(INFORMATION PROVIDED)
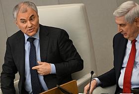 Пленарное заседание Государственной думы (ГД) России. Председатель ГД России Вячеслав Володин (слева) и первый заместитель председателя ГД России Иван Мельников (справа) во время заседания.
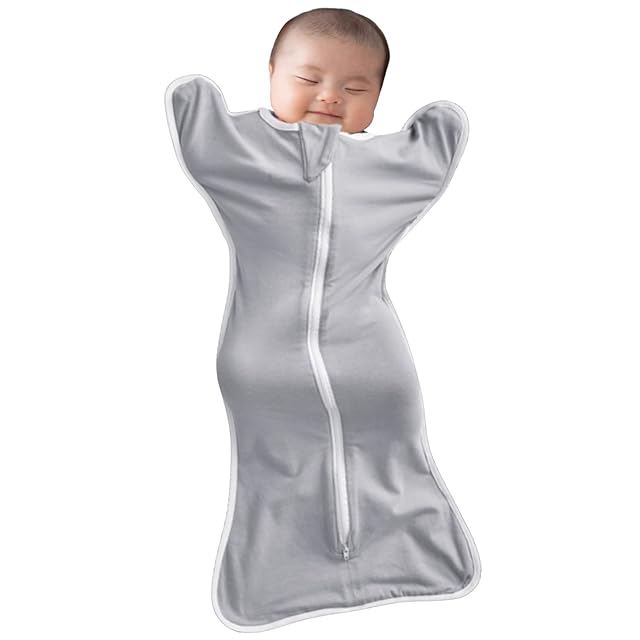 【赤ちゃんを無理に拘束しない設計】赤ちゃんの手足を固定してモロー反射を防止する従来のおくるみとは違い、当社の着るおくるみのユニークなデザインは、赤ちゃんにとって楽なバンザイポーズでぐっすり眠ることができます。
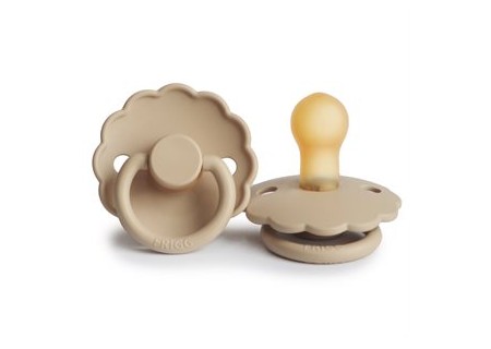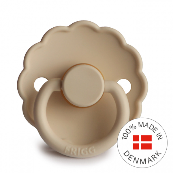 Smoczek Frigg Daisy charakteryzuje się falistą krawędzią która imituje płatki kwiatów nadając mu klasyczny ale i zarazem elegancki wygląd, który przyciągnie wzrok każdej mamy dbającej o komfort ale i wygląd wybieranych rzeczy. Smoczek został tak zaprojektowany aby  utrzymać go z dala od skóry dziecka jest zakrzywiony na zewnątrz, a także posiada otworki wspomagające przepływ powietrza przy skórze dziecka. Smoczek FRIGG Daisy, jest pełen uroku i jest dostępny w szerokiej gamie kolorystycznej.
(End INFORMATION PROVIDED)
WHAT YOU SHOULD DO:
Write out the listing again word for word, but without its pictures.

RESPONSE AREA:
 Пленарное заседание Государственной думы (ГД) России. Председатель ГД России Вячеслав Володин (слева) и первый заместитель председателя ГД России Иван Мельников (справа) во время заседания.
 【赤ちゃんを無理に拘束しない設計】赤ちゃんの手足を固定してモロー反射を防止する従来のおくるみとは違い、当社の着るおくるみのユニークなデザインは、赤ちゃんにとって楽なバンザイポーズでぐっすり眠ることができます。
 Smoczek Frigg Daisy charakteryzuje się falistą krawędzią która imituje płatki kwiatów nadając mu klasyczny ale i zarazem elegancki wygląd, który przyciągnie wzrok każdej mamy dbającej o komfort ale i wygląd wybieranych rzeczy. Smoczek został tak zaprojektowany aby  utrzymać go z dala od skóry dziecka jest zakrzywiony na zewnątrz, a także posiada otworki wspomagające przepływ powietrza przy skórze dziecka. Smoczek FRIGG Daisy, jest pełen uroku i jest dostępny w szerokiej gamie kolorystycznej.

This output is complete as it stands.